Adjudication was set up to provide a quick, effective way to sort disputes. In fact, it's proved all too effective – it's growing at an incredible rate, and turning site relationships into mangled wreckage.
The staggering rise in adjudication since its inception indicates that Sir Michael Latham's goal of reducing the amount of adversarial litigation in the construction industry has not been achieved.

It is arguable that the Construction Act will, in due course, prove to be one of the most significant pieces of legislation ever to affect the construction industry in this country. The act was of course based on the Latham report and its two main aims were to resolve perceived payment problems in the industry, particularly those experienced by subcontractors, but also to attempt to reduce the amount of adversarial litigation in the industry. This, if it was achieved, would be in keeping with the ultimate goal of fostering long-term relationships and partnerships between parties.

A quick look at the figures demonstrates the dramatic rise in adjudication over the past three years. Figures from the major adjudication nominating bodies suggest that there were some 1760 adjudication nominations during the course of 2000, compared with less than half that number in 1999. Those figures do not of course include adjudications where parties agreed the identity of an adjudicator and therefore did not need to consult a nominating body.

Therefore, it is not unlikely that the actual number of adjudications was much greater, and perhaps as many as 2000. It is safe to say that last year, there were at least 30 to 40 new adjudications commenced each week.

By way of contrast, for the period May to December 1998 the figure was of the order of two to three a week.

It is clear that adjudication is increasing at a phenomenal rate, and is now including disputes that Latham may never have thought would be the subject of such a procedure.

The same disputes are being re-adjudicated over and over during the course of a single project. Parties are preparing their cases in ever increasing detail and including expert evidence, CD-ROM presentations, using leading and junior counsel as well as solicitors and/or claim consultants. Lectures, articles, books and cases abound on the subject. Adjudication is big business.
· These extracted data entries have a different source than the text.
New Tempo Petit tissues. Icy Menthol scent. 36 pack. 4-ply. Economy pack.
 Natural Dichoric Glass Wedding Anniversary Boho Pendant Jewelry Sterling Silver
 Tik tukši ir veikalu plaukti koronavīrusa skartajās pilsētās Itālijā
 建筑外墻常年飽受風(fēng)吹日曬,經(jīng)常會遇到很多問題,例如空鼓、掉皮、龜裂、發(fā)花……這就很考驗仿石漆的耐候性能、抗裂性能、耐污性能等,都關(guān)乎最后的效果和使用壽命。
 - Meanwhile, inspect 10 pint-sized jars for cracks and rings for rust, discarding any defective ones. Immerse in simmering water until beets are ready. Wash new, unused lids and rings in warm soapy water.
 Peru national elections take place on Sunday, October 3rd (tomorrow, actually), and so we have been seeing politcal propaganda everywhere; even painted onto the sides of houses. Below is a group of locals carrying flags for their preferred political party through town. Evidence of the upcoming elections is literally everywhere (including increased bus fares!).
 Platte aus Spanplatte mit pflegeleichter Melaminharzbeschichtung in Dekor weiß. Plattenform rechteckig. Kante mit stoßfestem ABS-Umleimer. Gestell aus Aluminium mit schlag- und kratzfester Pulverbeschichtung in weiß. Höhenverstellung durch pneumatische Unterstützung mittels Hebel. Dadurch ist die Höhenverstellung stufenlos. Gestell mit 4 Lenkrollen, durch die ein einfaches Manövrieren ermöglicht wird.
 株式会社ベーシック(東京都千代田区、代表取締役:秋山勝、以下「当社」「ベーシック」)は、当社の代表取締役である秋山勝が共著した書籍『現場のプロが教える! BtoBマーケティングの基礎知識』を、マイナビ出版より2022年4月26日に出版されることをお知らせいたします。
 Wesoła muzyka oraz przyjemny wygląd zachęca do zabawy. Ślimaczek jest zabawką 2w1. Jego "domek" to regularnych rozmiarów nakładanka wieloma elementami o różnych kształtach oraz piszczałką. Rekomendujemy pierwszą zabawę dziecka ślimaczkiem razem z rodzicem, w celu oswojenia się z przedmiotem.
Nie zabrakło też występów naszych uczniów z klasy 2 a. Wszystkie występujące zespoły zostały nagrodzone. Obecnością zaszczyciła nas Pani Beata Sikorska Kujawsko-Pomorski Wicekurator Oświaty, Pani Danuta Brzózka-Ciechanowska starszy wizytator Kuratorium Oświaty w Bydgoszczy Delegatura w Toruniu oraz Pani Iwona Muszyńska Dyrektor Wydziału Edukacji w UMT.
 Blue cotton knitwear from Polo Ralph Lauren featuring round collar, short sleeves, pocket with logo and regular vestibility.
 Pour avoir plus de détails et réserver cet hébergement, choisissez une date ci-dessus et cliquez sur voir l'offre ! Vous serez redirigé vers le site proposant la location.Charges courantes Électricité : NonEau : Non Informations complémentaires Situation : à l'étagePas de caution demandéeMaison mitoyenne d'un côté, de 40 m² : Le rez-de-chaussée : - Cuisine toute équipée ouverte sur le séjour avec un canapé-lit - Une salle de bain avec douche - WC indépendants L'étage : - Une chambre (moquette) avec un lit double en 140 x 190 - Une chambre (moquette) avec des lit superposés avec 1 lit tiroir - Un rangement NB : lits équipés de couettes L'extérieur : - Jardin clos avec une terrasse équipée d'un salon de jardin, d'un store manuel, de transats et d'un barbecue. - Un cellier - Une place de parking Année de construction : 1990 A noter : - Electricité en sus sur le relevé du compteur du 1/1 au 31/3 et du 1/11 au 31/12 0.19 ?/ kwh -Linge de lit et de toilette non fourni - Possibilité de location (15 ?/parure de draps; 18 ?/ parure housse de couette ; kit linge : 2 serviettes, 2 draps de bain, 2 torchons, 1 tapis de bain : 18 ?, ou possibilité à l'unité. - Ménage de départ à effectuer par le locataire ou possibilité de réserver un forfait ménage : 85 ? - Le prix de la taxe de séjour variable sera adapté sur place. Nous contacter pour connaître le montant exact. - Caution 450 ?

It is clear that, since adjudication was introduced, far more construction disputes are being resolved by a formal process than was ever the case before. Perhaps as many as 80% of disputes that are proceeding now to adjudication would formerly have been resolved by negotiations between the parties in good faith, without the need for any formal dispute resolution process. The industry has become more adversarial than it has ever been, the exact opposite of what Latham hoped to achieve.

Adjudication is all about winning. Evidence shows that claimants are only too pleased to use every trick in the book to maximise their chance of success

It is hardly surprising that this has happened.

A process designed primarily to help subcontractors kept out of their money has been used by all sides of the industry to gain tactical and legal advantages for themselves. Employers use it where they have defective buildings, consultants use the process for unpaid fees, contractors use it for their loss and expense claims, design-and-build contractors use the process to claim for unforeseen ground conditions. Adjudication remains, in many people's eyes, a cheap trick, and an underhand process. It does nothing to encourage long-term relationships, and leads, inevitably, to poor relations on site.

Some might say that the process has been abused. Certainly, people such as Melinda Parisotti, who has criticised me for suggesting that parties should consider ambushing their opponents, appear to believe that a Woolf-like culture should apply to adjudication (12 January, page 63).

One can understand Parisotti's position. An insurer may be faced with having to pay out millions of pounds in relation to a claim of negligence against a professional that has no real basis, but that an adjudicator, based on the loaded evidence before him, has no option but to accept. But Parisotti's real gripe appears to be against the process as a whole that allows such a scenario to occur, and which on any view is simply not an appropriate way to determine technically complex and high-value disputes.

Further, although there is no doubt that a Woolf-like approach to adjudication would be fairer, it is unlikely to lend itself favourably to many claiming parties. By the time lawyers and consultants are brought in, negotiations, and in most cases the relationship, has often broken down. Clients want their money, and they want it swiftly. Adjudication helps them achieve this, and they are hardly likely to accept advice that suggests they give the other side a better opportunity to put their case, simply because that is fairer. Adjudication is all about winning. The dice are loaded in favour of claimants and experience shows that claiming parties are only too pleased to use every trick in the book to maximise their chances of success. Rightly or wrongly, adjudication allows them to do this.

As the adjudication bandwagon continues to roll, more and more complex disputes are becoming the subject of adjudication proceedings. Whereas, initially, the vast majority of adjudications concerned a lack of payment or a withholding of payment, major defects claims and professional negligence claims against consultants are becoming increasingly common.